--- Work to be completed ---
Make an exact copy of the entries, taking out every picture.

# # #

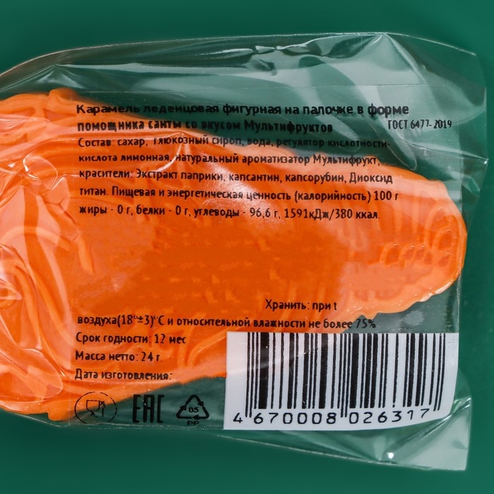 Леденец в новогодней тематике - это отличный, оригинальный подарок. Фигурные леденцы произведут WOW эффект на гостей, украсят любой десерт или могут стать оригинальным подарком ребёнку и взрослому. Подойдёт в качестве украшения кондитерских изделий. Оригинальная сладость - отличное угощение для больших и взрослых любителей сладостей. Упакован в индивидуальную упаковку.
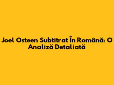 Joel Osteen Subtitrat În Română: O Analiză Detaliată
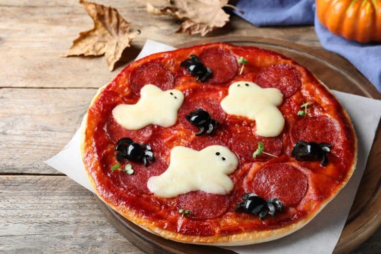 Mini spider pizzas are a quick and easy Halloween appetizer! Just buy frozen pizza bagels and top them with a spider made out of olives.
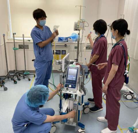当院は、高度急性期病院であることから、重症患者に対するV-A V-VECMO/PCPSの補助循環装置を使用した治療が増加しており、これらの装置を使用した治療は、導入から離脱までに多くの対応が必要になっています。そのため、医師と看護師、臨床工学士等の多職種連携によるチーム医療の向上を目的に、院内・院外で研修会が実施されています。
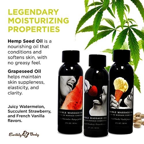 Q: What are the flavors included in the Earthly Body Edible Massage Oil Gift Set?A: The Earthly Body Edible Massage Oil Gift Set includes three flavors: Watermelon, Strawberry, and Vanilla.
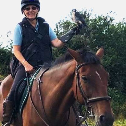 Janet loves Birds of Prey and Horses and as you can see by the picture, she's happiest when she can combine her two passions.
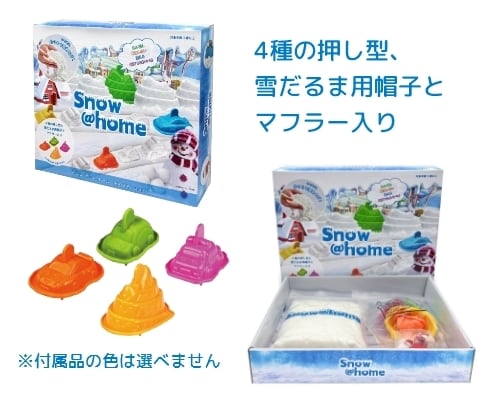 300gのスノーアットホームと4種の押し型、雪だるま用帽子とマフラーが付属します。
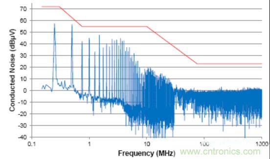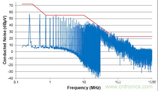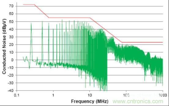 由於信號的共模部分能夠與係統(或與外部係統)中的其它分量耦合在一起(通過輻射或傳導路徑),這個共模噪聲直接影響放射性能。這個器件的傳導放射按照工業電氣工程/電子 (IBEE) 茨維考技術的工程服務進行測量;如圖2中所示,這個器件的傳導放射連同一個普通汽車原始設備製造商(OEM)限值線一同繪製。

# # #

--- Your solution ---
 Леденец в новогодней тематике - это отличный, оригинальный подарок. Фигурные леденцы произведут WOW эффект на гостей, украсят любой десерт или могут стать оригинальным подарком ребёнку и взрослому. Подойдёт в качестве украшения кондитерских изделий. Оригинальная сладость - отличное угощение для больших и взрослых любителей сладостей. Упакован в индивидуальную упаковку.
 Joel Osteen Subtitrat În Română: O Analiză Detaliată
 Mini spider pizzas are a quick and easy Halloween appetizer! Just buy frozen pizza bagels and top them with a spider made out of olives.
当院は、高度急性期病院であることから、重症患者に対するV-A V-VECMO/PCPSの補助循環装置を使用した治療が増加しており、これらの装置を使用した治療は、導入から離脱までに多くの対応が必要になっています。そのため、医師と看護師、臨床工学士等の多職種連携によるチーム医療の向上を目的に、院内・院外で研修会が実施されています。
 Q: What are the flavors included in the Earthly Body Edible Massage Oil Gift Set?A: The Earthly Body Edible Massage Oil Gift Set includes three flavors: Watermelon, Strawberry, and Vanilla.
 Janet loves Birds of Prey and Horses and as you can see by the picture, she's happiest when she can combine her two passions.
 300gのスノーアットホームと4種の押し型、雪だるま用帽子とマフラーが付属します。
 由於信號的共模部分能夠與係統(或與外部係統)中的其它分量耦合在一起(通過輻射或傳導路徑),這個共模噪聲直接影響放射性能。這個器件的傳導放射按照工業電氣工程/電子 (IBEE) 茨維考技術的工程服務進行測量;如圖2中所示,這個器件的傳導放射連同一個普通汽車原始設備製造商(OEM)限值線一同繪製。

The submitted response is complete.